The court heard Ling had made the threat after an argument over school starting times had got out of hand.

Nixon St Primary School, in Devonport, was put into lockdown after the threat was made.

Ling was arrested 30 minutes after he made the phone call.

Ling’s defence counsel told Justice Shan Tennent his client had suffered serious injury to his back and was now on a disability pension and dealing with depression.

“The threat was at odds with his past level of involvement with the school,” Ling’s defence counsel said.

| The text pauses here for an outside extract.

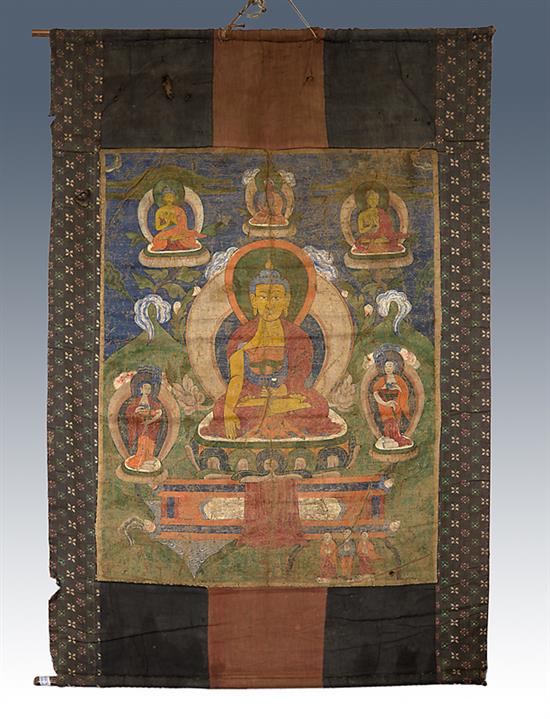 A LARGE THANGKA, BUDDHA, in preaching pose, at top three different poses, at sides a standing figure, 106.5cm x 68.5cm

“It was said on impulse and was an empty, idle threat.”

Justice Tennent said Ling’s behaviour was completely unacceptable.

“Teachers and other staff were concerned with not only their own safety but the safety of children at the school,” she said.

“Your grievance with the school was a relatively minor matter but your health problems and the medication you take can largely explain why you acted in a disproportionate manner.

“There is no suggestion you had the means to carry out the threat and you have consented to the terms of a 12-month restraint order with the school.”

Ling was sentenced to five months’ jail, supsended on the condition he be of good behaviour for two years.